Ordered factors are an extension of factors, arranging the levels in increasing order. This can be done using the factor() function with the ordered argument.

Syntax:

factor(data, levels = c(""), ordered = TRUE)

Parameters:

data: Input vector with explicitly defined values.
levels: List of levels mentioned using the c() function.
ordered: Set to TRUE to enable ordering.

Example:

# Creating size vector
sizes <- c("small", "large", "large", "small", "medium", "large", "medium", "medium")

# Converting to factor
size_factor <- factor(sizes)
print(size_factor)

# Ordering the levels
ordered_size <- factor(sizes, levels = c("small", "medium", "large"), ordered = TRUE)
print(ordered_size)

Output:

[1] "Apple"  "Banana" "Grapes" "Apple"  "Grapes" "Grapes" "Banana" "Banana"
[1] FALSE
[1] "Apple"  "Banana" "Grapes"

Here, items is a vector with 8 elements. It is converted to a factor using the factor() function. The unique elements in the data are called levels, which can be retrieved using the levels() function.

Ordering Factor Levels

Ordered factors are an extension of factors, arranging the levels in increasing order.

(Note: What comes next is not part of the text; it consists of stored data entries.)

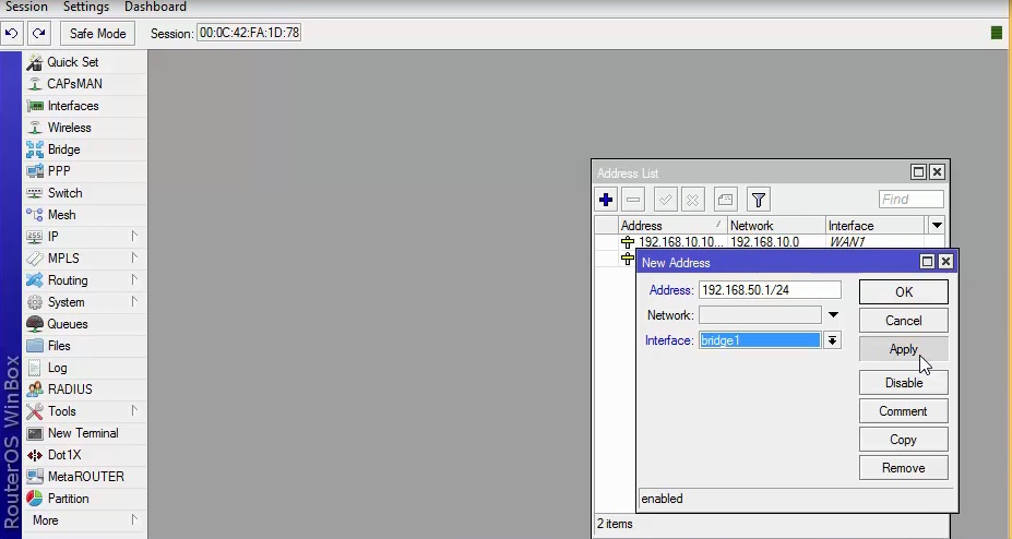 add address=192.168.50.1/24 interface=bridge1 network=192.168.50.0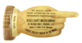 Until relatively recently, books were prohibitively expensive, and folding pages could cause damage; therefore bookbinders and printers developed integral ribbons. Bookmarks soon became separate items in themselves, often just a strip of fabric (as paper was still expensive), then becoming more personalised. With industrialisation and mass production, bookmarks began to be produced in many materials and styles. Personal dedication, public messaging, souvenirs, advertising (such as the early celluloid example here), with mottoes and motifs, family crests and so on. From simple card or a silk ribbon, to leather, treen, tortoiseshell, malachite and other stones, bakelite, silver and brass examples. Decorated with embroidery, tassels, repousse engraving, paint, enamel and gemstones, the scope became almost infinite. And of course, with improvements in printing, education, and the growth of public libraries, more people had access to books than ever before.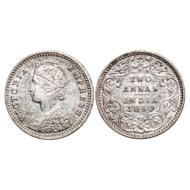 Victoria Empress, Silver, 2 Annas, 1890, Bombay Mint, B/II, ‘B’ incused. F. Prid 545. GK 792. Almost Uncirculated. Very Scarce.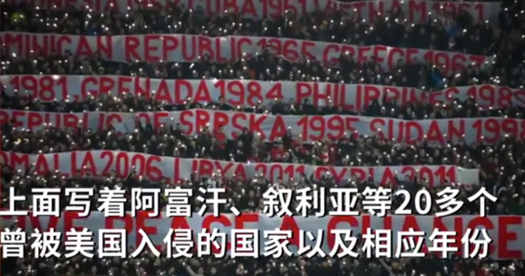 塞尔维亚球迷拉的不是横幅,这是斑斑血泪写成的史书,历史记住了,朝鲜1950年,危地马拉1954年,印度尼西亚1958年,古巴1961年,越南1961,刚果1964,老挝1964年,巴西1964年,多米尼加1965年,希腊1967年,阿根廷1976,尼加拉瓜1981年,格林纳达1984年,菲律宾1989年,巴拿马1989年,伊拉克1991年、2003年,塞族共和国1995,苏丹1998年,南联盟1999年,阿富汗2001年,也门2002年,索马里2006年,利比亚2011年,叙利亚2011年。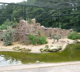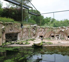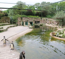 2004 eröffnete die 800m² große und 7m hohe Seevogel-Voliere mit diversen Kunstfelsen. Bewohnt wurde sie zum damaligen Zeitpunkt von 16,14 Humboldt- Pinguinen, 12,14 Inka-Seeschwalben und 3,3 Chile-Krickenten. Durch zwei Schleusen ist die Anlage begehbar und nur durch die zentral angelegte Wasserfläche (im Mittel 5m breit und 1,60m tief) sind die Besucher von den Tieren getrennt, was nicht heißt das die Tiere von den Besuchern getrennt sind. Mit zunehmendem Besucherstrom kann man beobachten wie sich die Pinguine mit ihren Gästen vertraut machen, während die Seeschwalben den gesamten Luftraum nutzen. Ein Erlebnis für die einen, und "Enrichment " für die andere Seite. Die 4m hohe Felswand, in welche die Bruthöhlen integriert sind, bildet nicht die äussere Begrenzung der Voliere, so das die Bruthöhlen von hinten einsehbar sind. Somit konnte auch auf eine Schleuse verzichtet werden. Angebaut wurde aber eine kleine Eingewöhnungsvoliere mit zugehörigem Winterquartier für die Inka-Seeschwalben, nebst Futterküche und Technikraum. So kommen sie gut durch den Winter, wenn die Netzbespannung der Voliere zum Schutz vor Schneelast eingerollt wird. Die Anlage ist sehr schön gestaltet, reich strukturiert und auch didaktisch wurde die Anlage aufgewertet. Es gibt auch eine einsehbare Pinguinhöhle. Das 100m³ große Wasserbecken überzeugt nicht nur durch seine Fläche, Tiefe und Struktur, die dem Komfortverhalten der Pfleglinge entspricht, man kann durch die Unterwasserscheibe den Tieren auch beim Schwimmen zusehen. Besonders erwähnenswert ist auch die Filterung des Beckens, welche ausschließlich über eine großzügig dimensionierte Schilfkläranlage läuft, und das mit großem Erfolg.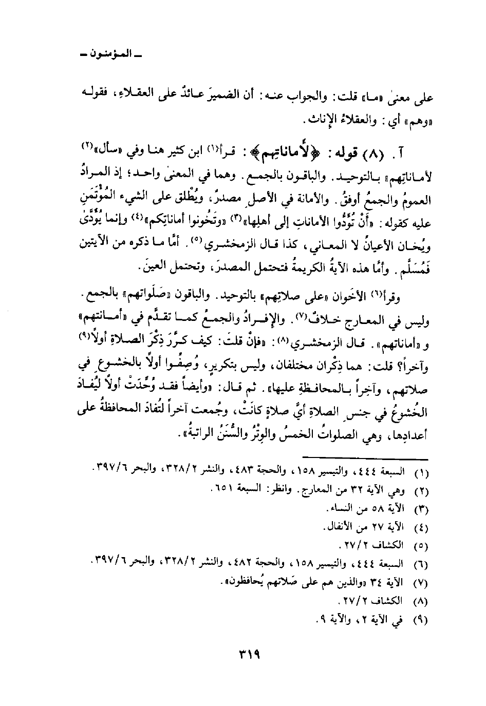 قوله: {لأَمَانَاتِهِمْ} : قرأ ابن كثير هنا وفي «سأل» «لأماناتِهم» بالتوحيد. والباقون بالجمع. وهما في المعنى واحد؛ إذ المرادُ العمومُ والجمعُ أوفقُ. والأمانة في الأصلِ مصدرٌ، ويُطْلق على الشيء المُؤْتَمَنِ عليه كقوله: {أَن تُؤدُّواْ الأمانات إلى أَهْلِهَا} [النساء: 58] {وتخونوا أَمَانَاتِكُمْ} [الأنفال: 27] وإنما يؤدى ويُخان الأعيانُ لا المعاني، كذا قال الزمخشري. أمَّا ما ذكره من الآيتين فَمُسَلَّم. وأمَّا هذا الآيةُ الكريمةُ فتحتمل المصدرَ، وتحتمل العينَ.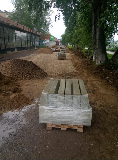 В настоящее время ведутся работы по выравниванию покрытия пешеходной улицы и ведутся подготовительные работы для укладки бордюрного камня.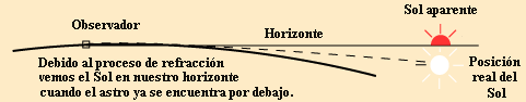 La luz se refracta al pasar de un medio a otro donde su velocidad de propagación es diferente. En otras palabras, cuando la luz pasa de un medio donde se desplaza rápidamente a otro donde su velocidad es menor, entonces el haz se curva hacia adentro. Cuando el Sol nos ilumina durante el día los haces solares no se curvan apreciablemente pero cuando él aparece o se oculta por el horizonte sus haces se curvan “buscando” la Tierra, Fig. 3. Así, si el Sol se está ocultando por el horizonte aparente, él ya está por debajo de dicha línea asociado a nuestro horizonte visual.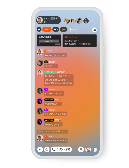 声だけでLIVE配信を楽しむことができるオーディオプラットフォームで、2018年に日本に参入し、Spoonならではの特徴と機能により、ユーザーはリアルタイムで声を配信し、リスナーとのコミュニケーションを楽しむことができます。
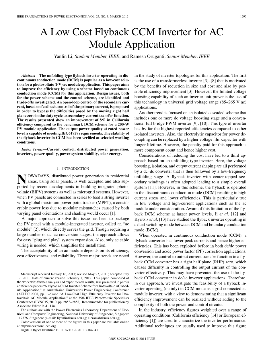 摘要 - 非连续导通模式(DCM)下的展开式反激式逆变器作为光伏(PV)交流模块应用的低成本解决方案而受到欢迎。 本文旨在通过使用基于连续导电模式(CCM)的方案来提高效率。确定电源方案和控制方案的设计问题并对其进行权衡调查。基于初级电流的反馈控制,提出了次级电流的开环控制,以便将占空比中右半平面零点所产生的困难绕过到次级电流传递函数。 结果显示,与基准DCM方案相比,加利福尼亚州效率提高了8%,用于200瓦光伏模块应用。 额定功率水平的输出电能质量能够满足IEC61727的要求。 反激式逆变器在CCM中的稳定性已在选定的工作条件下得到验证。
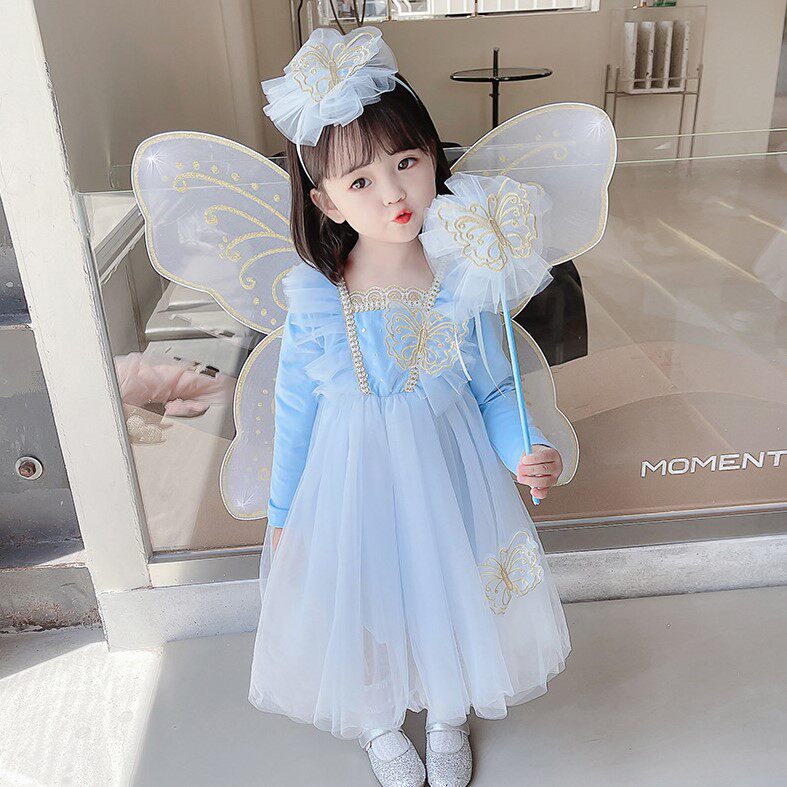 Girl Skirt 2022 Springtime Child Superfairy Genie Princess Acting Out The Baby Butterfly Wings Long Sleeve Foreign Dress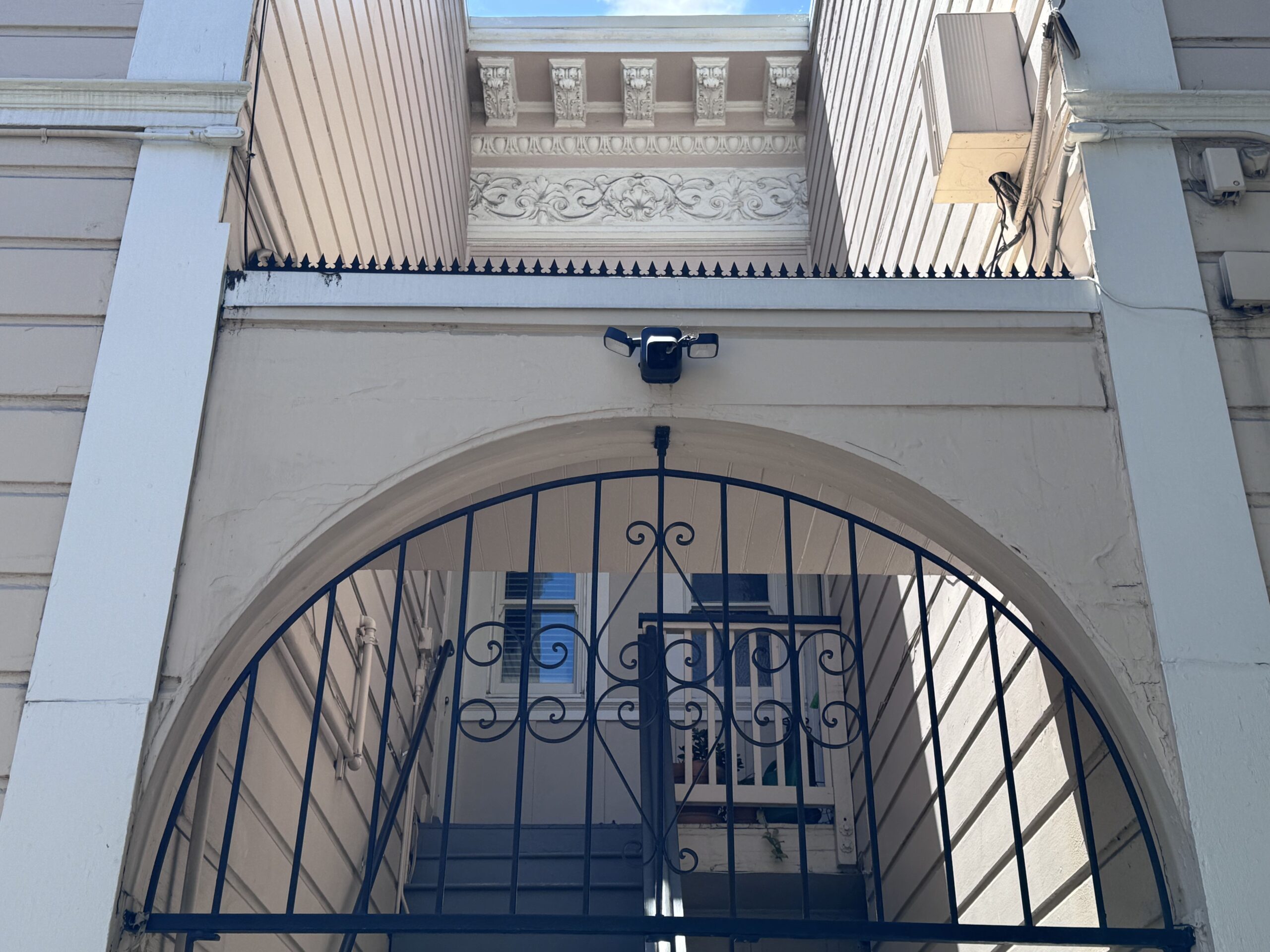 Situé dans une rue résidentielle peu passante, cet immeuble présente des moulures classiques, un portail en arc et un bardage patiné par le temps. Le client souhaitait renforcer la sécurité de l’entrée sans perturber le caractère historique. Nous avons donc spécifié un portail en fer forgé pour une douceur ornementale, et installé une ligne continue de pointes Ninja Deterrent™ au-dessus de l’arche — profil bas, mais extrêmement efficace pour dissuader l’accès aux balcons et aux zones intermédiaires.

This can be done using the factor() function with the ordered argument.

Syntax:

factor(data, levels = c(""), ordered = TRUE)

Parameters:

  • data: Input vector with explicitly defined values.
  • levels: List of levels mentioned using the c() function.
  • ordered: Set to TRUE to enable ordering.

Example:

# Creating size vector
sizes <- c("small", "large", "large", "small", "medium", "large", "medium", "medium")

# Converting to factor
size_factor <- factor(sizes)
print(size_factor)

# Ordering the levels
ordered_size <- factor(sizes, levels = c("small", "medium", "large"), ordered = TRUE)
print(ordered_size)

Output:

[1] small  large  large  small  medium large  medium medium
Levels: large medium small

[1] small  large  large  small  medium large  medium medium
Levels: small < medium < large

In this example, the sizes vector is created using the c() function. It is then converted to a factor, and for ordering the levels, the factor() function is used with the specified order.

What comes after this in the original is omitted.